Selling Purified Water Prohibited in Santa Clara

EcoFinca was founded in 2016, but its project for purified water has been put on hold by the bureaucracy.

14ymedio bigger14ymedio/Mario J. Pentón, Havana/Miami, 23 September 2019 — Getting access to potable water in a big city like Santa Clara is no easy matter, but even more difficult still is getting purified water, which is highly beneficial for patients diagnosed with cancer or other diseases that weaken the immune system.

EcoFinca, a project headed by Ana Rosa Cardoso Gomez, began to pruduce purified water by means of reverse osmosis technology and market it to the general public. The resulting revenue allowed them to distribute this product, free of charge, to around 70 patients “with liver or oncological conditions.” Nevertheless, they did not foresee that a mess of regulations would derail the business.

A source close to the family, who wishes to maintain their anonymity for fear of the authorities, recounts that EcoFinca spent three years battling with the state to allow them to continue carrying out their mission.

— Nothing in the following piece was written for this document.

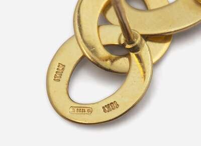 Earrings: Minor scratches and wear to metal, earring backs present, suitable for pierced ears on stud posts, stamped "☆1228VI 18Kt ITALY 750" with signature Roberto Coin ruby.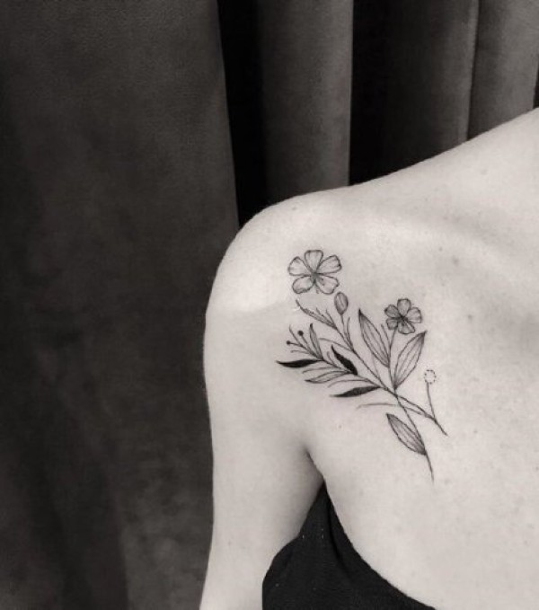大臂素花纹身 9款女士的大臂黑灰花朵植物纹身图案

“We made an ecological farm from a sun-beaten wasteland. We teach farmers how to cultivate the land, we research solutions for blights, and turn the wasteland into a productive garden. Fruits, vegetables, leafy greens. We produce everything that is scarce in this country. We even implemented a ’Green Sunday’ to educate new generations on how to protect the environment,” the source commented.

Problems with authorities began in 2017 when EcoFinca began to sell purified water with a food vendor’s license. “Through reverse osmosis, with the help of imported equipment, we produce a product that is 100% free of bacteria, viruses, salts and dozens of other harmful agents,” the source explained.

The Ministry of Public Health granted the organization a sanitary license for the consumption of purified water, which they sold for 60 Cuban pesos from their doorstep, while the state sells it at a price of 2.75 CUC (69 Cuban pesos) in state stores. With the money produced from the sale of purified water to the public the organization was able to give the same product free of charge to a group of patients at the Jose Luis Miranda pediatric hospital and the Mariana Grajales gynecological-obstetric hospital.

However, the law prohibits the sale of water bottled by self-employed individuals as it considers “the access to potable water [to be] a human right that is the responsibility of the State.”

Ines Maria Chapman Waugh, then the president of the National institute of Hydraulic Resources and the current vice president of the Cuban Government, wrote a letter to the authorities of Villa Clara, cited by the weekly paper Vanguardia, where she noted that “the sale of water cannot become a medium for profit.”

According to officials, the business violates measure No. 58 of 2017, issued by the National Institute of Hydraulic Resources, which prohibits the sale of bottled water by native persons.

“In our country water is sold at subsidized prices, in such a manner that everyone can afford it,” the official explained.

A water vendor’s license exists in Cuba, though it does not include purification and bottling, only transport from one place to another. EcoFinca attempted to obtain a license to sell water but was unable to, even though they have their own well. When the State prohibited them from bottling they continued to deliver in bulk, but in the last months the authorities of Villa Clara have pressured them to stop their distribution completely.

“It is free for all patients and customers with an illness, small children and senior citizens with disabilities, but they have to come pick it up here at EcoFinca,” the source reiterated.

“The equipment that we use to purify water is imported from the United States. They have threatened to confiscate it. Filters, turbines, replacement parts…we bought all of this through a lot of sacrifice,” they added.

For Felicia, one of the beneficiaries of the purified water produced by EcoFinca, the regulations “don’t make sense.”

“The president [Miguel] Diaz-Canel has spent his life talking about replacing imports and producing more. Here in Santa Clara there is a family that is producing, that is thinking as the country does. What do the leaders do? They suffocate them. This is why we make no progress, because we are hindering ourselves,” she said indignantly in a telephone call.

Felicia says that the water that comes from the taps of Santa Clara sometimes looks like chocolate because of the amount of dirt in it. “A sick person cannot drink that water. There are times when I don’t even know if I am washing myself or getting myself dirty when I shower,” she adds with irony.

For Erick Perez Tadeo, subdelegate of the State Inspector of Hydraulic Resources in Villa Clara, in contrast, the problem is clearer than water. “They [the workers of EcoFinca] consider water as a foodstuff as they say that they process it. I could say that this water could be considered a foodstuff when they are preparing a refreshment or another kind of sustenance. The water they provide from the Aqueduct Network is a natural resource,” he said to the weekly newspaper Vanguardia.

“If you want to give water to someone with health issues, there is no problem; what you cannot do is market a single liter, you cannot profit from goods of the State,” he concluded with all the authority granted by his post.